Tax cuts always help the poor and middle class because it creates a rising tide for everyone.
There is not a single predictable outcome that flows from either tax cuts or tax hikes. Just because taxes are cut doesn’t automatically run any money through the fingers of the poor.
 
There is not a single predictable outcome that flows from either tax cuts or tax hikes. Just because taxes are cut doesn’t automatically run any money through the fingers of the poor.
Yes, there is. Lowering taxes grows the tax base as it gets capital flowing.
 
Yes, there is. Lowering taxes grows the tax base as it gets capital flowing.
That is not a necessary result. There is certainly not evidence that tax cuts always help the poor, let alone literally everyone.
 
Non-Catholic hospitals also do this.

But in today’s brave world, it’s soo fun and cool and like sooo righteous to attack anyone who makes evil profit.
 
I think that people forget that in order to do works of charity, you have to have a base of money/resources to work from. If you spend the principle, you no longer have the ability to do anything. Plus, if you can grow the principle, you can do more in the future.

Let’s say you have $1M and you have it invested at an average return of 10%/year. First year, that gives you $100,000.00 in returns. You can use all $100,000.00 of that for charity, but the principle doesn’t grow, and you lose the principle at the rate of inflation per year (for this example will just assume 2.5%). You can use $50,000.00 of that for charity and reinvest the other $50,000.00. That means at the end of the year you come out ahead of inflation by $25,000.00, which leaves room for growth for future endeavors.

If you spend all $1M at once, well, umm… then next year you can’t do anything.
 
Recently I posed this question on Facebook: Do you object against Catholicism and, if you do, then why?

Someone responded and is as follows: Yes I object, the Vatican has enough stored wealth to end poverty and hunger and they do nothing.

Should I reply, and how would I respond if so?
Where is such wealth to end poverty?
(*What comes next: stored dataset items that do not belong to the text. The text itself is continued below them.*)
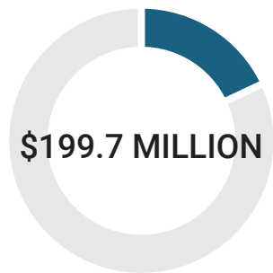
BULK GRAIN PRODUCTS
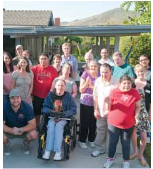
Corporate Partner Kineticom sponsors a Wii and Pizza Game Day for the Lakeshore and Windmill residents.
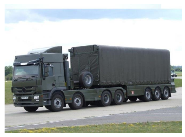
TCHD Mark 3

first aid team and personnel equipped to monitor for radiological hazards.
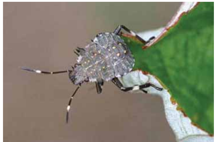
Figure 3. A 2nd instar nymph of the brown marmorated stink bug, Halyomorpha halys Ståhl. The white marking on the antennae is possibly the best field identification characteristic.
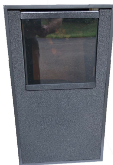
VRA Positioned on top
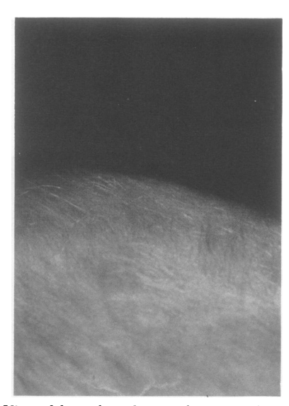
FIG 4 View of the scalp at the age of nine months showing poor growth of fine, sparse hair.
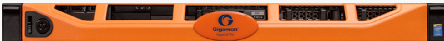
Figure 1. GigaVUE-FM is available both as a physical (shown above) or virtual appliance.

Centralized Orchestration and Management of Gigamon Visibility and Analytics Fabric
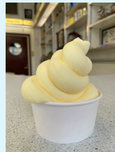
Pineapple Dole Whip – Schwab's Pharmacy (GF/vegan)
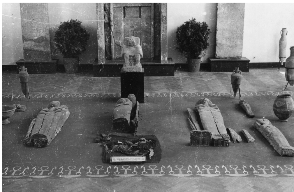
8. Egyptian antiquities presented during the 'Warsaw Accuses' exhibition in 1945 (National Museum in Warsaw: DI 133660/1).

and its bandages torn apart in search of jewels. 85 Several months after the aforementioned photograph showing the pseudo-mummy lying on the floor in a storeroom was taken, the same object was exhibited at the 'Warsaw Accuses' exhibition, when, for reasons which remain unknown, it was placed in an unrelated Eighteenth Dynasty wooden coffin from Deir el-Medina inscribed for a boy named Userhat (138980 MNW). Nevertheless, the pseudo-mummy was not destroyed, but probably only slightly damaged. Therefore, it should not be grouped together with the other two mummies that were destroyed by German soldiers.
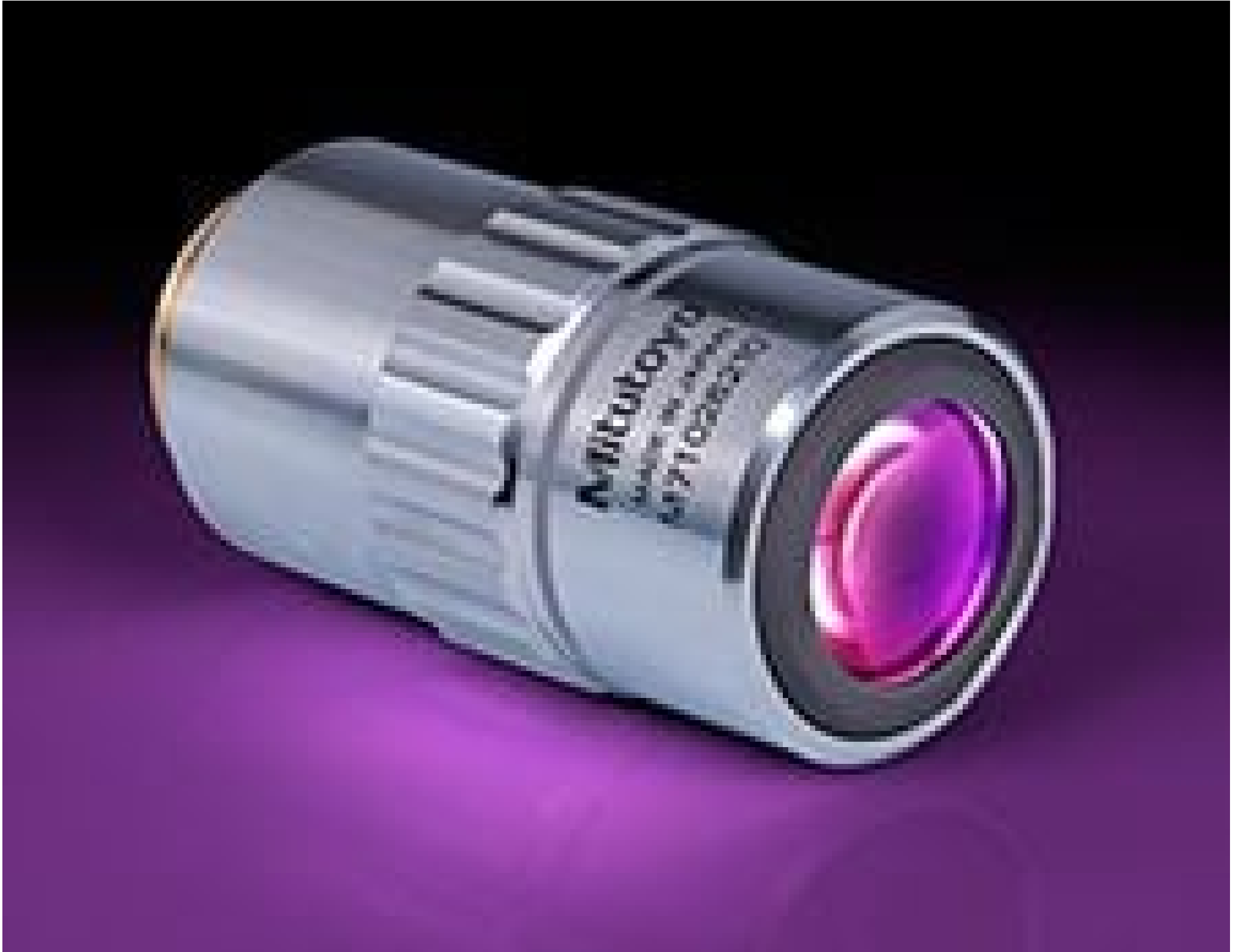
2X Mitutoyo Plan Apo Infinity Corrected Long WD Objective, #46-142
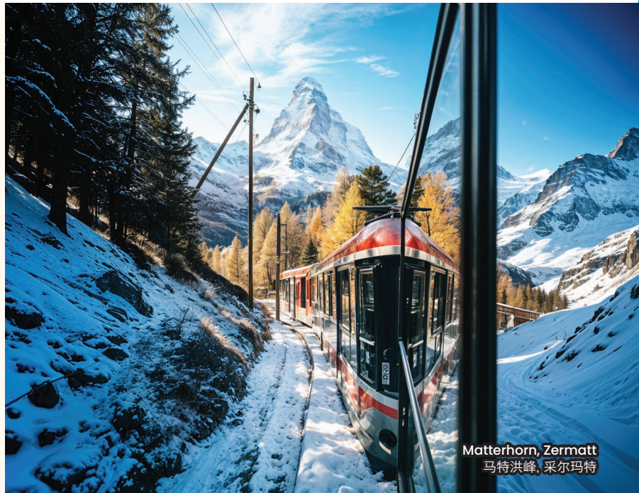
Matterhorn, Zermatt 马特洪峰, 采尔玛特
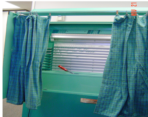
Figure 2. Mechanical lever machine

Each voting method used the races and propositions used by Everett, Byrne, & Greene (2006). Candidate names were produced by a publicly-available random name generator ( http://www.kleimo.com/random/name.cfm ). The 21 offices ranged from national races to county races, and the six propositions were real propositions that had previously been voted on in other counties/states, and that could easily be realistic issues for future elections in Harris County, TX, the county in which this study was conducted.
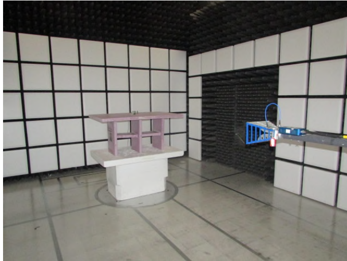
Figure 3: Radiated Emissions – Front – Above 1GHz- YPOS
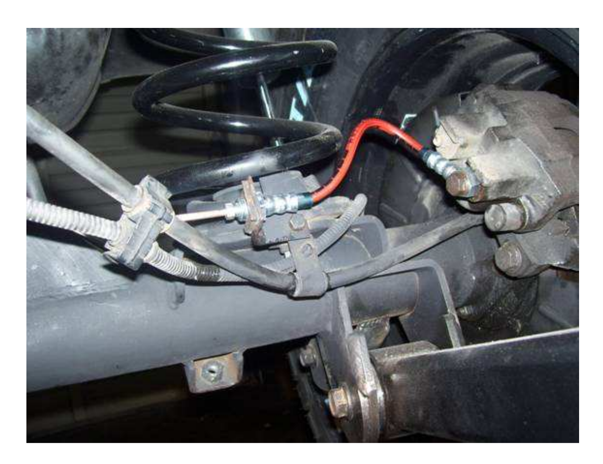
* Pictures shows Brake line, E-brake cable, And ABS sensor wire routing.

Picture shows metal spacer installed with longer supplied bolt.
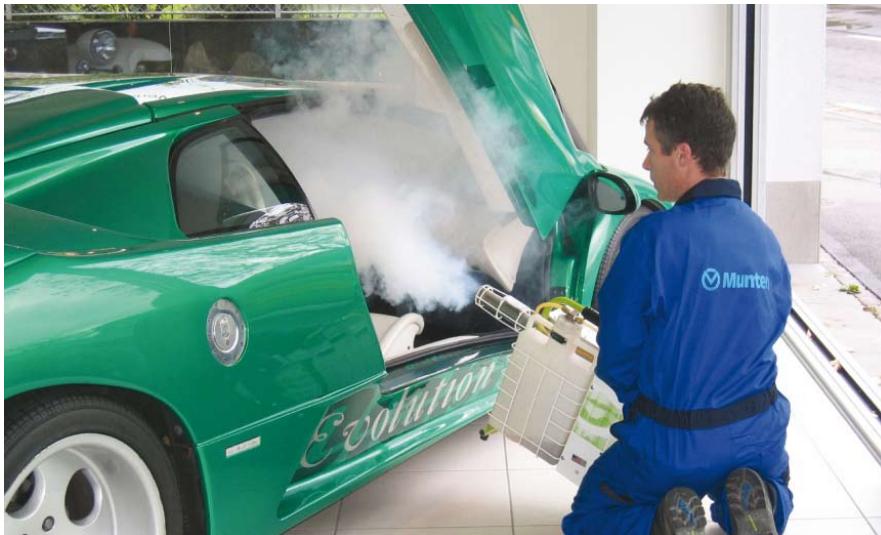
Drying nebula procedure to neutralise the interior of the car.

The drying nebula procedure uses neutralising substances and disinfectants which are sprayed in fine droplets within the affected area. Due to the small form of the substances, they can remain in the air for up to 15 hours, enabling them to penetrate deeply into effected materials fighting the bacteria that causes the odour. This method of neutralisation penetrates far deeper than conventional cleaning methods, making it a highly popular choice commercially, particularly for the resale of used cars.

As can be seen from the statistics given by John Allen in this 2011 article, one single American univeristy, the University of Notre Dame, has far more wealth than the Vatican for its operating budget annually and in their endowement:
The annual operating budget of the Vatican City State is $270 million, he said, comparing that with the annual operating budget of the University of Notre Dame in South Bend, Ind., which is $1.2 billion. The Catholic Church in the United States collects $200 million a week, almost enough to fund the Vatican for a year, he said.
As for the buildings, real estate and money in the patrimony of the Holy See, Allen said it amounts to an endowment of $1 billion. The endowment of Notre Dame is $30 billion and that of Harvard University is $100 billion.

The Holy See’s financial means are “not as endless as people imagine,” he said.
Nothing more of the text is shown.